Même s’il a repris des couleurs, il est loin d’avoir retrouvé ses niveaux d’autrefois, et les islamistes se trouvent fréquemment en porte-à-faux entre un discours rassurant pour les visiteurs étrangers, et l’hostilité de nombre de leurs militants envers l’alcool dans les hôtels ou les bikinis sur les plages.

Fonte des réserves de change

La fonte des réserves de change de la Banque centrale, passées de 36 milliards de dollars au début 2011 à 15 milliards aujourd’hui, fait peser des menaces sur la capacité du pays à continuer d’importer des produits de base, qu’il s’agisse du blé ou des carburants raffinés.

Le déficit budgétaire pourrait passer à 38 milliards de dollars pour l’année allant de juin 2012 à juin 2013, contre environ 24 milliards pour l’année précédente, selon des chiffres gouvernementaux.
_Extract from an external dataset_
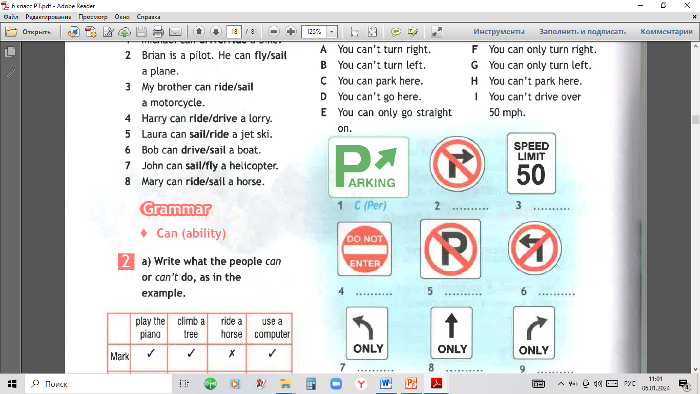 2. 3. 4. 5. 6. 7. 8. 9. 10. | Вам нужно распределить слова и ответить на вопрос What is tall and what is high? Теперь вы должны сложить эти кусочки таким образом, чтобы получилась страна. Затемвамнужноназватьчастистраныисамустрану. Now you must put these pieces to get the whole country. Then you should name its parts. A curious problem. When did Alfred rich school? Alfred had a very long walk to school every morning. When he got to the church, he had walked one-quarter of the way, and it was usually half past eight on the church clock when he passed it. When he got to the railway station, he had walked one-third of the way, and it was usually twenty-five minutes to nine on the station clock when he passed it. At what time did he usually reach school? Частистраны, флаги. You should match the countries and the flags. Определить, к какой части страны относится каждый флаг. В этой точке маршрута вам предстоит разгадать кроссворд. Ещеодназадачка. A curious problem. How many miles a day? Harry walked 117 miles, beginning on Sunday morning and finishing on Monday evening of the following week. He walked each day one mile farther than the day before. How many miles did he walk each day? Countable/uncountable Распределяем картинки по группам «исчисляемое/неисчисляемое». Назвать картинки, вставить в слова пропущенные буквы. A curious problem. The weight of the fish. Once Tom and his father went fishing. Tom caught a good fish and asked his father, “How much can it weigh?” His father put his answer in the form of a little problem. “Imagine,” he said, “that the tail weighs 9 ounces; the head weighs as much as the tail and half the body; and the body weighs as much as the head and the tail together. Now, what is the weight of the fish?” Tom could not answer his father’s question. Can you? Сопоставить дорожные знаки с их описанием. | Участники команды распределяют картинки по группам tall и high (высокий). Участники должны сложить части карты и назвать части страны, а также саму страну. Участникикомандырешаютзадачу. One twelfth of the way takes Alfred 5 minutes, so it usually takes him one hour to get to school. Two third of the way will take him forty minutes. If he passes the railway station at twenty-five to nine, so he will come to school in forty minutes, that is at nine fifteen (at a quarter past nine). Команда получает карту страны и флажки, расставляет флажки на карте. Команда сообща разгадывает кроссворд. Harrywalked 9 days. On Sunday he walked X miles. On Monday (X+1) On Tuesday (X+2) On Wednesday (X+3) On Thursday (X+4) On Friday (X+5) On Saturday (X+6) On Sunday (X+7) On Monday (X+8) Make the equation [i’kweiʒǝn]: 9X+36=117 9X=117-36 9X=81 X=9 So on Sunday he walked 9 miles, on Monday – 10 miles, on Tuesday – 11, on Wednesday – 12, on Thursday – 13, on Friday – 14, on Saturday – 15, on Sunday – 16, on Monday 17. Если возникают затруднения, напоминаем, что исчисляемые существительные можно сосчитать. К неисчисляемым существительным относятся материалы, жидкости, вещества. If the tail weighs 9 ounces, the head has the weight of (9+X) ounces, and the body is 2X ounces. We know that the weight of the tail and the head is equal to the weight of the body, so we can make the equation 9+(9+X)=2X 18+X=2X X=18 So the tail is 9 oz., the body is 36 oz., the head is 27 oz., the whole fish weighs 72 oz. Участники получают картинки с дорожными знаками, их описание. Сопоставляют знаки с их значением. | Если возникают затруднения, даем подсказкуhigh – предметы, tall – люди и вытянутые вверх предметы. Boundless, endless space before me. Blue sky only draws my eyes. Если возникают затруднения, даем подсказку. Like a passing pilgrim holy, I behold your rolling plains. While beyond the outskirts lowly Rustling poplars’ foliage wanes.

Le maintien des subventions aux produits de première nécessité risque d’en souffrir.

Le Caire est en discussions depuis des mois pour un prêt de quelque 3,2 milliards de dollars avec le Fonds monétaire international. Mais le FMI a appelé à ce que les mesures accompagnant cette aide fasse l’objet d’un « large soutien politique » en Egypte.

Or M. Morsi devra compter avec le Conseil suprême des forces armées (CSFA), qui va lui céder le pouvoir exécutif mais conservera un droit de veto sur tout projet de loi et sur le budget.

« L’armée peut le priver des moyens d’appliquer son programme », relève Moustafa Kamel el-Sayyed, de l’Université du Caire.

Avant même d’entrer en fonction dans les prochains jours, le président élu a fait savoir mardi par son entourage qu’il « travaillait a peaufiner les priorités de son programme », notamment sur les questions économiques.

Il souhaite également nommer au poste de Premier ministre une « personnalité nationale indépendante », pour constituer un cabinet dominé par des « techniciens », laissant supposer qu’il privilégiait la compétence sur l’orthodoxie politico-religieuse.

La Bourse du Caire a salué lundi la victoire de M. Morsi par un bond de 7,5%, dû au soulagement après des jours d’incertitudes et de tensions sur le résultat final face à son rival issu de l’ère Moubarak, Ahmad Chafiq, qui prétendait lui aussi être élu.

Toutefois, l’agence de notation Standard and Poor’s a placé lundi la note « B » de l’Egypte sous surveillance avec une perspective d’évolution négative, en soulignant les lourdes incertitudes qui continuent de peser sur le pays.

« Nous nous attendons à ce que les tensions restent élevées entre l’armée et les parties qui mènent la transition post-Moubarak, notamment les Frères musulmans, ce qui pourrait détériorer davantage la situation économique, fiscale », écrit l’agence dans une note.